**Data section**
--- START ---
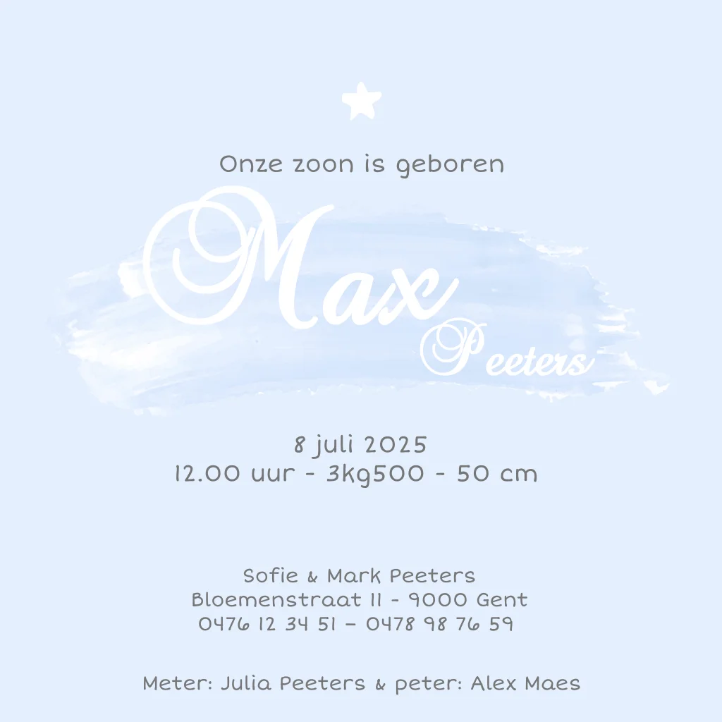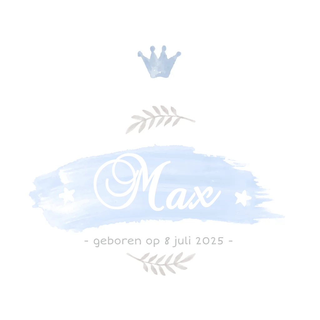 Lief geboortekaartje voor jullie zoontje met lichtblauwe waterverf, zilverlook takjes en een klein kroontje. De naam van jullie kleine staat in sierlijke letters en is in zilverfolie gedrukt, voor een extra mooie look. De kleine sterretjes maken het kaartje helemaal af!
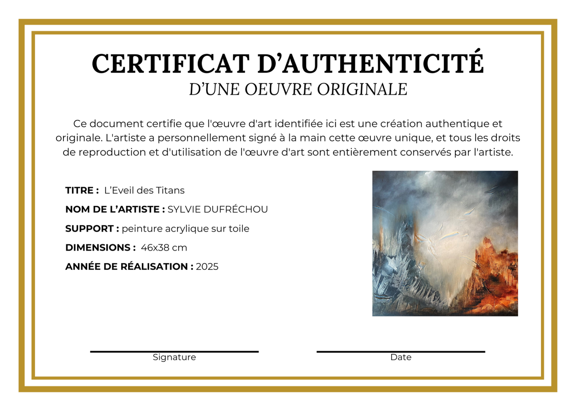 Parfaite pour une décoration moderne et immersive, L’Éveil des Titans apportera à votre intérieur une intensité dramatique et une profondeur envoûtante.
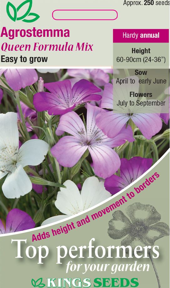 Kings Seeds – Flower – Agrostemma Queen Formula Mix :- This attractive mixture of white, purple and mauve flowers is easy to grow and adds height to the border display.
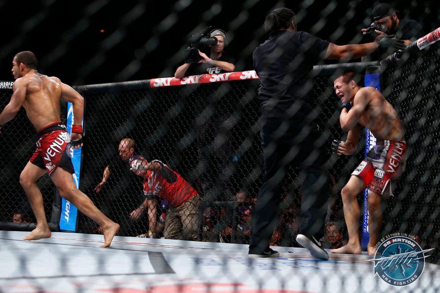 Увидя, как кореец начал зачищать полулегкий дивизион, промоушен дал ему титльник с Жозе Альдо. Бразилец на тот момент шел на сумасшедшей серии 23-1 и показывал один из лучших миксайтов в мировом pound-for-pound. Зомби оказался не готов к такому уровню оппозиции, проиграл3 раунда по очкам, а в 4 просто слег в брутальном ТКО, получив вдобавок серьезную травму плеча.
--- END ---
**Exercise prompt**
Please give the material above again in full, with no pictures in your version.

**The answer**
 Lief geboortekaartje voor jullie zoontje met lichtblauwe waterverf, zilverlook takjes en een klein kroontje. De naam van jullie kleine staat in sierlijke letters en is in zilverfolie gedrukt, voor een extra mooie look. De kleine sterretjes maken het kaartje helemaal af!
 Parfaite pour une décoration moderne et immersive, L’Éveil des Titans apportera à votre intérieur une intensité dramatique et une profondeur envoûtante.
 Kings Seeds – Flower – Agrostemma Queen Formula Mix :- This attractive mixture of white, purple and mauve flowers is easy to grow and adds height to the border display.
 Увидя, как кореец начал зачищать полулегкий дивизион, промоушен дал ему титльник с Жозе Альдо. Бразилец на тот момент шел на сумасшедшей серии 23-1 и показывал один из лучших миксайтов в мировом pound-for-pound. Зомби оказался не готов к такому уровню оппозиции, проиграл3 раунда по очкам, а в 4 просто слег в брутальном ТКО, получив вдобавок серьезную травму плеча.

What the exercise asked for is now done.